» Your assignment: What is needed here is each entry reproduced exactly, without its pictures.

» Data records:
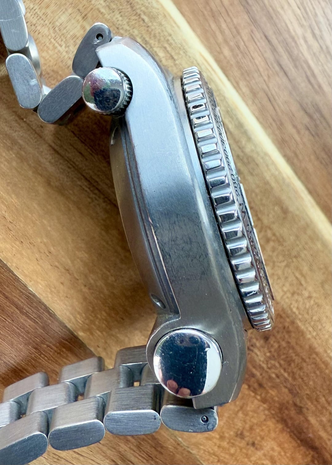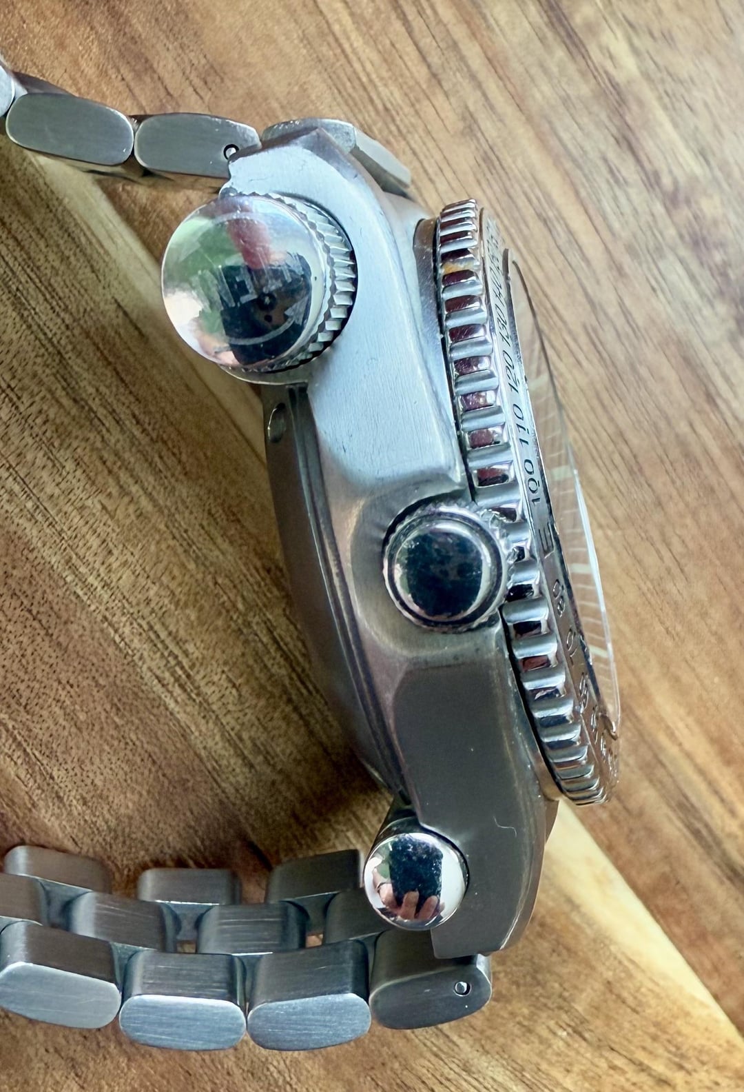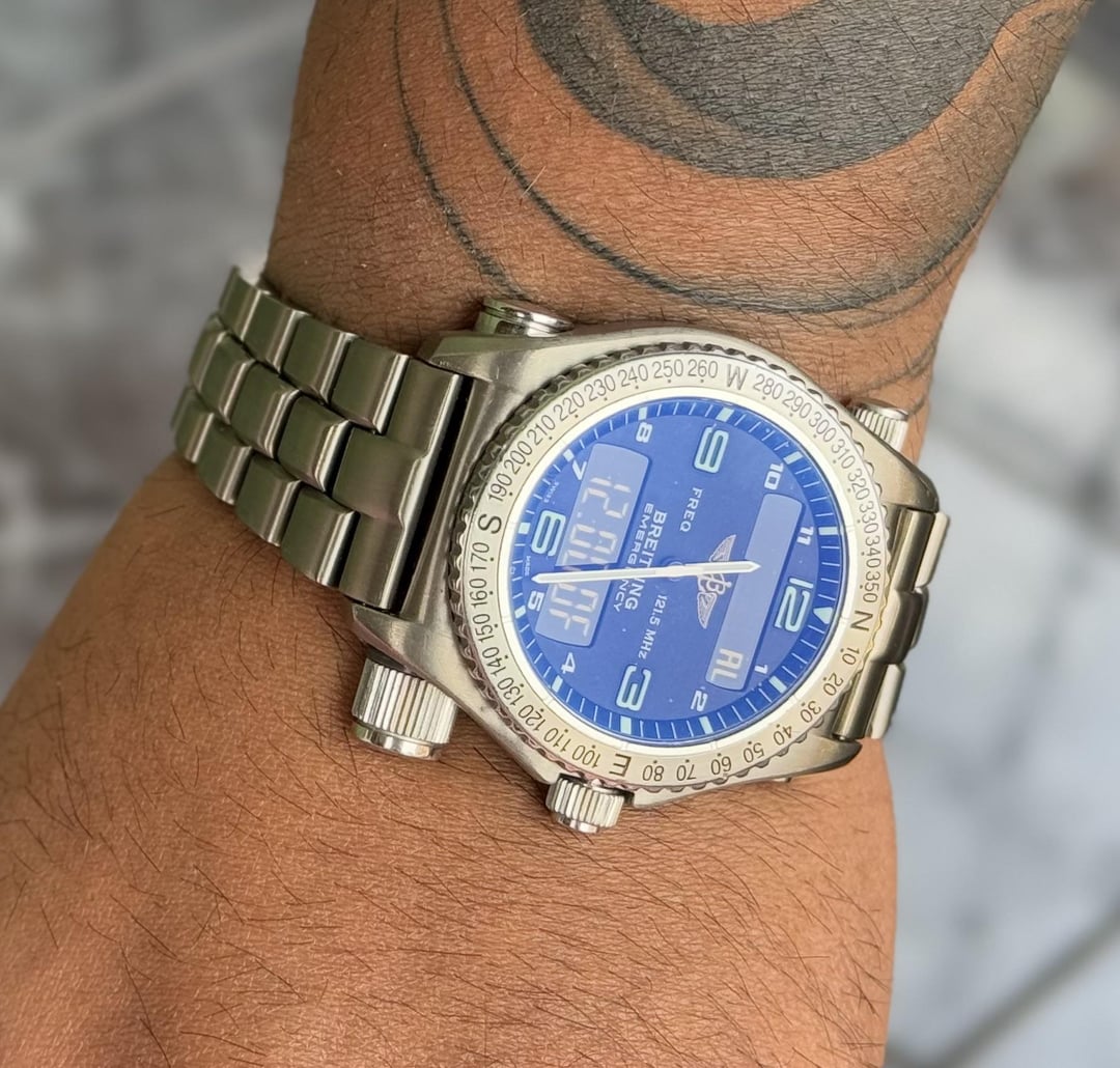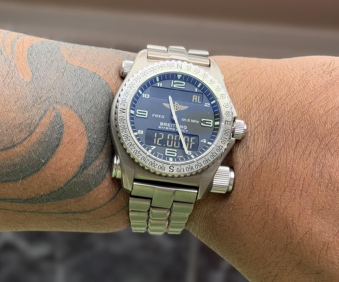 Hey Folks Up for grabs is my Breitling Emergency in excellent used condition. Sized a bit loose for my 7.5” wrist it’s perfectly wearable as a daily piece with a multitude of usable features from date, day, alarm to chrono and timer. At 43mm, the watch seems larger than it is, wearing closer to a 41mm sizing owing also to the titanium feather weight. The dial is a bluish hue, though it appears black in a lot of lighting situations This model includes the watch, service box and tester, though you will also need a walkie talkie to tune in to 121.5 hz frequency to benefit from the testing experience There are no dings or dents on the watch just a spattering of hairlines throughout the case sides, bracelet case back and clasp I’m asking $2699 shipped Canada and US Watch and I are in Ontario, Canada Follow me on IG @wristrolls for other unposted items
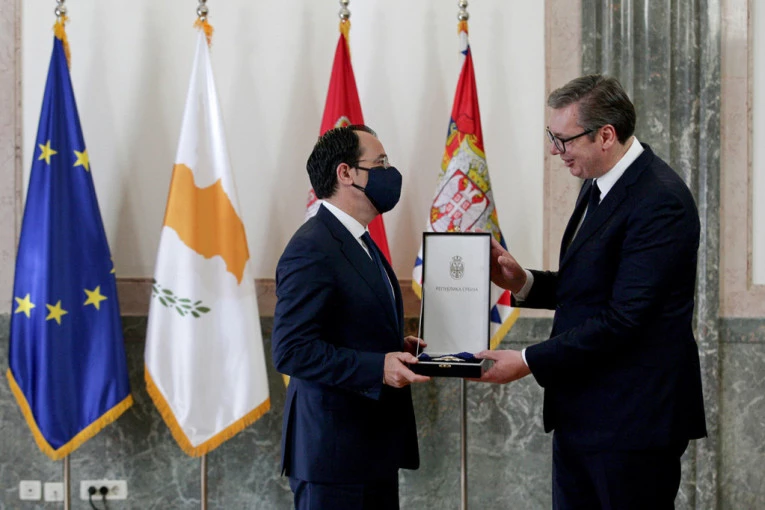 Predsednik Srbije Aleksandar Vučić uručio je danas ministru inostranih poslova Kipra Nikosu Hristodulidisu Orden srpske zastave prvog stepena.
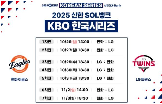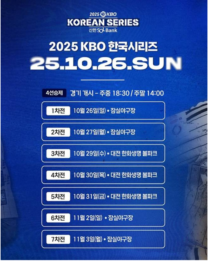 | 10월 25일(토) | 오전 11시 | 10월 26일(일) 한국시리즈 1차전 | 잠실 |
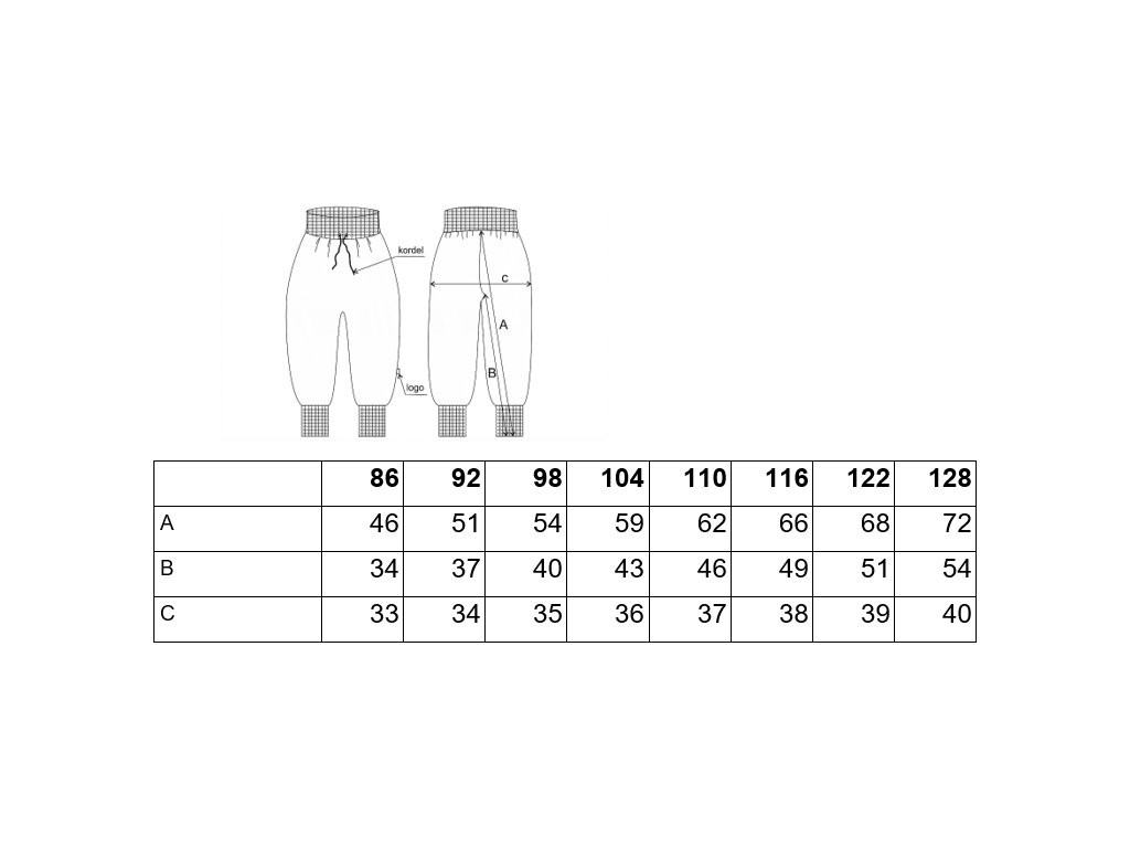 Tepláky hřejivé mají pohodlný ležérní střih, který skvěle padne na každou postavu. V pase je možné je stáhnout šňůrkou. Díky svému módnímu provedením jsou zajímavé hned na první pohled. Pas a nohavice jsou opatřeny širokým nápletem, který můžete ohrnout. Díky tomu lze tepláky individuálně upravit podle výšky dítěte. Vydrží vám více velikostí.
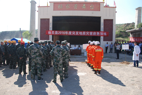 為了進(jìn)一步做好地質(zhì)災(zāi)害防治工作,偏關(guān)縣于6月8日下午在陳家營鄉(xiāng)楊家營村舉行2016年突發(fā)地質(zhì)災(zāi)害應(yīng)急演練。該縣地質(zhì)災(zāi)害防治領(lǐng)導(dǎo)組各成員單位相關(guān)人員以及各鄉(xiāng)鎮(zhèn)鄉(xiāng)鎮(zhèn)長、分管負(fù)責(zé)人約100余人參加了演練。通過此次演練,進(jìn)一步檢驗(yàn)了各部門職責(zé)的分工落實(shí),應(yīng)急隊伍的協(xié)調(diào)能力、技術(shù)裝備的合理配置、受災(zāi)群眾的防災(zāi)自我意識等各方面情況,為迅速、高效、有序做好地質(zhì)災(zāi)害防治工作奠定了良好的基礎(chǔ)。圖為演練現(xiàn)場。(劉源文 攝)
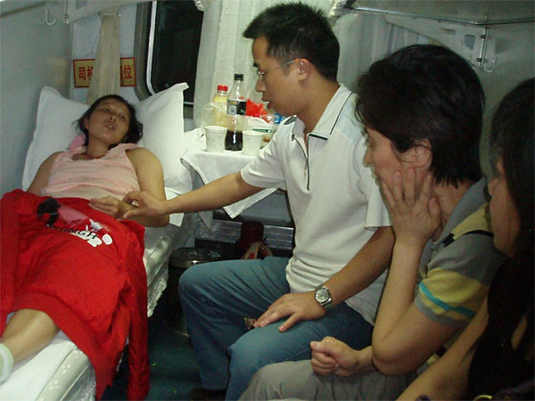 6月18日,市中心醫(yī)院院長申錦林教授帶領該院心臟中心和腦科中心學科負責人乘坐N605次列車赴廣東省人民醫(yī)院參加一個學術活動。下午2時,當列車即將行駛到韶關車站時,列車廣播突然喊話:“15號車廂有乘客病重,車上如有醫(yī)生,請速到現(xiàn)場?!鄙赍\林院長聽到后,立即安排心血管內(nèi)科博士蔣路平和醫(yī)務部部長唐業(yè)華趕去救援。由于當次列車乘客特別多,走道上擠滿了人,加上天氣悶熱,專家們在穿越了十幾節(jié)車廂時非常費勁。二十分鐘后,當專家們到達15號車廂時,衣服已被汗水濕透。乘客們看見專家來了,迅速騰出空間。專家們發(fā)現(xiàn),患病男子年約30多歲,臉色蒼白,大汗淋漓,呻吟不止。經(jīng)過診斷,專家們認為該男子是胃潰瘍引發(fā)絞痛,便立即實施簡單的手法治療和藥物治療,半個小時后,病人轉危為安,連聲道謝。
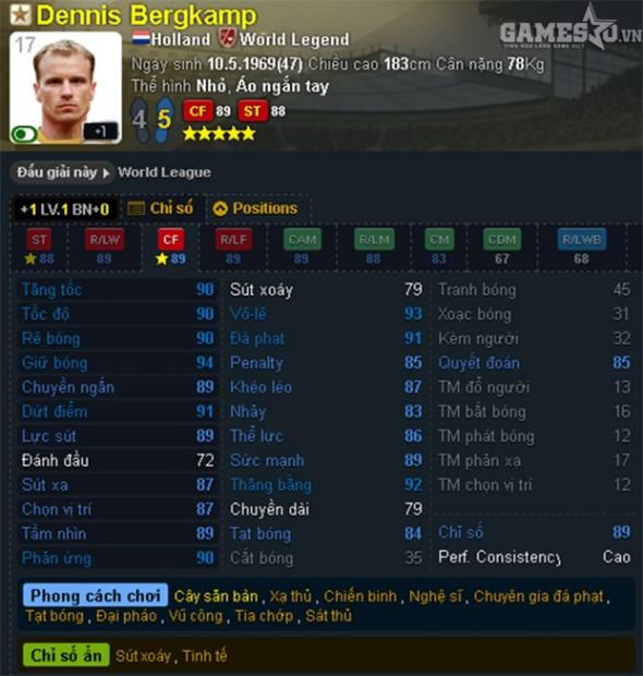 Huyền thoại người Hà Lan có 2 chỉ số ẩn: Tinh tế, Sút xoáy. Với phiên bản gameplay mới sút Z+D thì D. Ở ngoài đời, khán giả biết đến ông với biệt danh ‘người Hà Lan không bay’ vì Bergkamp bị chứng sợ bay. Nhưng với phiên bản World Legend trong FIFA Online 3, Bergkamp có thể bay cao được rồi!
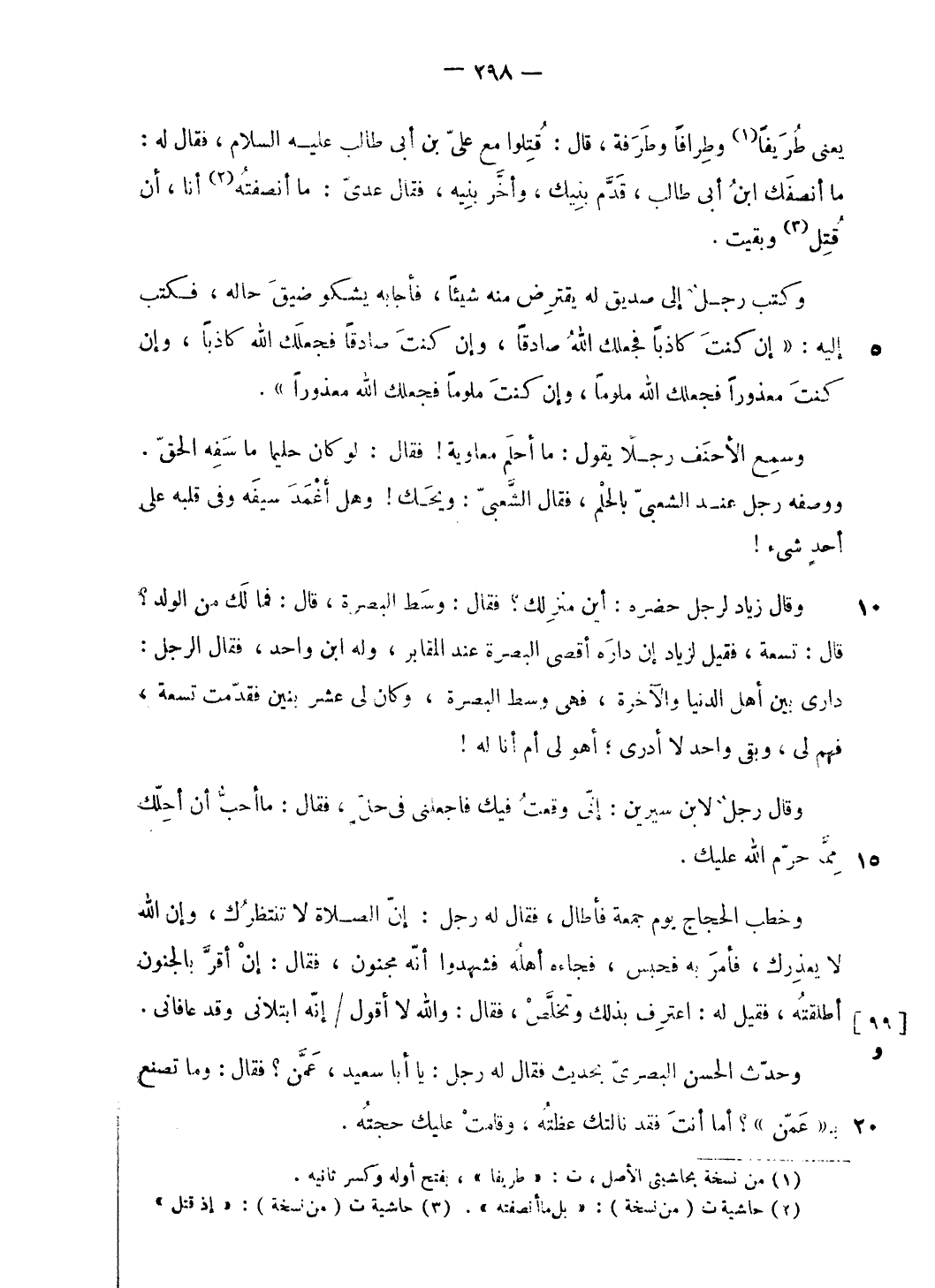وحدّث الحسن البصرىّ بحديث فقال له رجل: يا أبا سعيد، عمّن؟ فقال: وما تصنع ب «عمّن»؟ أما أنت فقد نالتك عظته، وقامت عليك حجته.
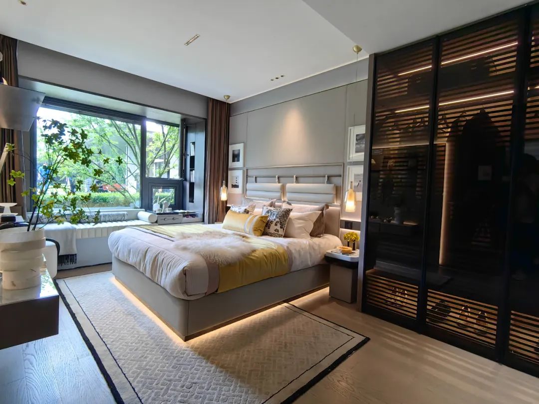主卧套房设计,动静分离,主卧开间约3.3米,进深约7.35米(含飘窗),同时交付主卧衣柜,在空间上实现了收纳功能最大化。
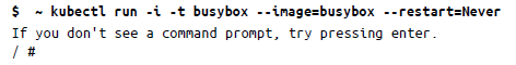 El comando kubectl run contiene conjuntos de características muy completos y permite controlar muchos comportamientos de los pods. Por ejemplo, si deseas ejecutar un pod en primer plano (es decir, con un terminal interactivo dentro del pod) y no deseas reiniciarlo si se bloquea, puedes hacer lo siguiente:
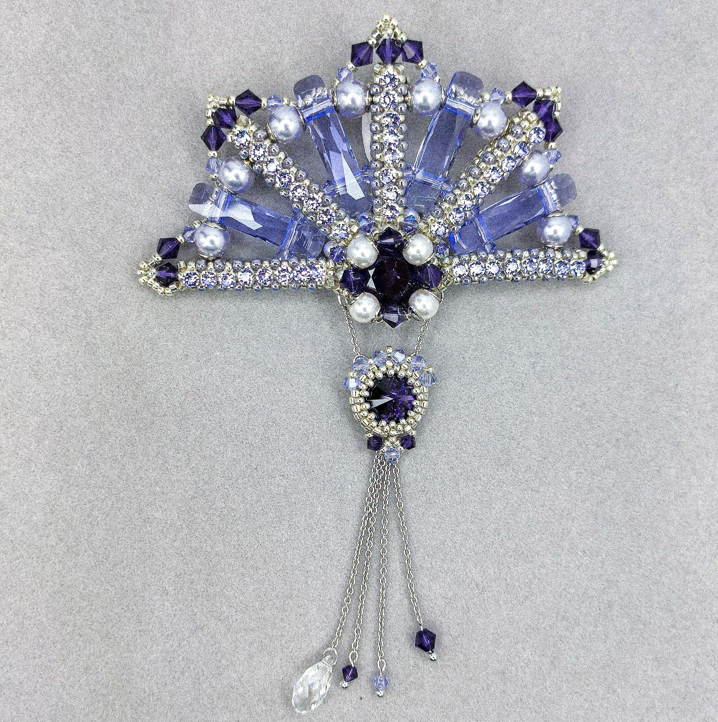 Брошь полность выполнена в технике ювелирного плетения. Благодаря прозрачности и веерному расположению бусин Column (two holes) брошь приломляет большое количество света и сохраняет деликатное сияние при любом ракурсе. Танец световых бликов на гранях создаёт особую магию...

» Answer to this exercise:
 Hey Folks Up for grabs is my Breitling Emergency in excellent used condition. Sized a bit loose for my 7.5” wrist it’s perfectly wearable as a daily piece with a multitude of usable features from date, day, alarm to chrono and timer. At 43mm, the watch seems larger than it is, wearing closer to a 41mm sizing owing also to the titanium feather weight. The dial is a bluish hue, though it appears black in a lot of lighting situations This model includes the watch, service box and tester, though you will also need a walkie talkie to tune in to 121.5 hz frequency to benefit from the testing experience There are no dings or dents on the watch just a spattering of hairlines throughout the case sides, bracelet case back and clasp I’m asking $2699 shipped Canada and US Watch and I are in Ontario, Canada Follow me on IG @wristrolls for other unposted items
 Predsednik Srbije Aleksandar Vučić uručio je danas ministru inostranih poslova Kipra Nikosu Hristodulidisu Orden srpske zastave prvog stepena.
 | 10월 25일(토) | 오전 11시 | 10월 26일(일) 한국시리즈 1차전 | 잠실 |
 Tepláky hřejivé mají pohodlný ležérní střih, který skvěle padne na každou postavu. V pase je možné je stáhnout šňůrkou. Díky svému módnímu provedením jsou zajímavé hned na první pohled. Pas a nohavice jsou opatřeny širokým nápletem, který můžete ohrnout. Díky tomu lze tepláky individuálně upravit podle výšky dítěte. Vydrží vám více velikostí.
 為了進(jìn)一步做好地質(zhì)災(zāi)害防治工作,偏關(guān)縣于6月8日下午在陳家營鄉(xiāng)楊家營村舉行2016年突發(fā)地質(zhì)災(zāi)害應(yīng)急演練。該縣地質(zhì)災(zāi)害防治領(lǐng)導(dǎo)組各成員單位相關(guān)人員以及各鄉(xiāng)鎮(zhèn)鄉(xiāng)鎮(zhèn)長、分管負(fù)責(zé)人約100余人參加了演練。通過此次演練,進(jìn)一步檢驗(yàn)了各部門職責(zé)的分工落實(shí),應(yīng)急隊伍的協(xié)調(diào)能力、技術(shù)裝備的合理配置、受災(zāi)群眾的防災(zāi)自我意識等各方面情況,為迅速、高效、有序做好地質(zhì)災(zāi)害防治工作奠定了良好的基礎(chǔ)。圖為演練現(xiàn)場。(劉源文 攝)
 6月18日,市中心醫(yī)院院長申錦林教授帶領該院心臟中心和腦科中心學科負責人乘坐N605次列車赴廣東省人民醫(yī)院參加一個學術活動。下午2時,當列車即將行駛到韶關車站時,列車廣播突然喊話:“15號車廂有乘客病重,車上如有醫(yī)生,請速到現(xiàn)場?!鄙赍\林院長聽到后,立即安排心血管內(nèi)科博士蔣路平和醫(yī)務部部長唐業(yè)華趕去救援。由于當次列車乘客特別多,走道上擠滿了人,加上天氣悶熱,專家們在穿越了十幾節(jié)車廂時非常費勁。二十分鐘后,當專家們到達15號車廂時,衣服已被汗水濕透。乘客們看見專家來了,迅速騰出空間。專家們發(fā)現(xiàn),患病男子年約30多歲,臉色蒼白,大汗淋漓,呻吟不止。經(jīng)過診斷,專家們認為該男子是胃潰瘍引發(fā)絞痛,便立即實施簡單的手法治療和藥物治療,半個小時后,病人轉危為安,連聲道謝。
 Huyền thoại người Hà Lan có 2 chỉ số ẩn: Tinh tế, Sút xoáy. Với phiên bản gameplay mới sút Z+D thì D. Ở ngoài đời, khán giả biết đến ông với biệt danh ‘người Hà Lan không bay’ vì Bergkamp bị chứng sợ bay. Nhưng với phiên bản World Legend trong FIFA Online 3, Bergkamp có thể bay cao được rồi!
وحدّث الحسن البصرىّ بحديث فقال له رجل: يا أبا سعيد، عمّن؟ فقال: وما تصنع ب «عمّن»؟ أما أنت فقد نالتك عظته، وقامت عليك حجته.
主卧套房设计,动静分离,主卧开间约3.3米,进深约7.35米(含飘窗),同时交付主卧衣柜,在空间上实现了收纳功能最大化。
 El comando kubectl run contiene conjuntos de características muy completos y permite controlar muchos comportamientos de los pods. Por ejemplo, si deseas ejecutar un pod en primer plano (es decir, con un terminal interactivo dentro del pod) y no deseas reiniciarlo si se bloquea, puedes hacer lo siguiente:
 Брошь полность выполнена в технике ювелирного плетения. Благодаря прозрачности и веерному расположению бусин Column (two holes) брошь приломляет большое количество света и сохраняет деликатное сияние при любом ракурсе. Танец световых бликов на гранях создаёт особую магию...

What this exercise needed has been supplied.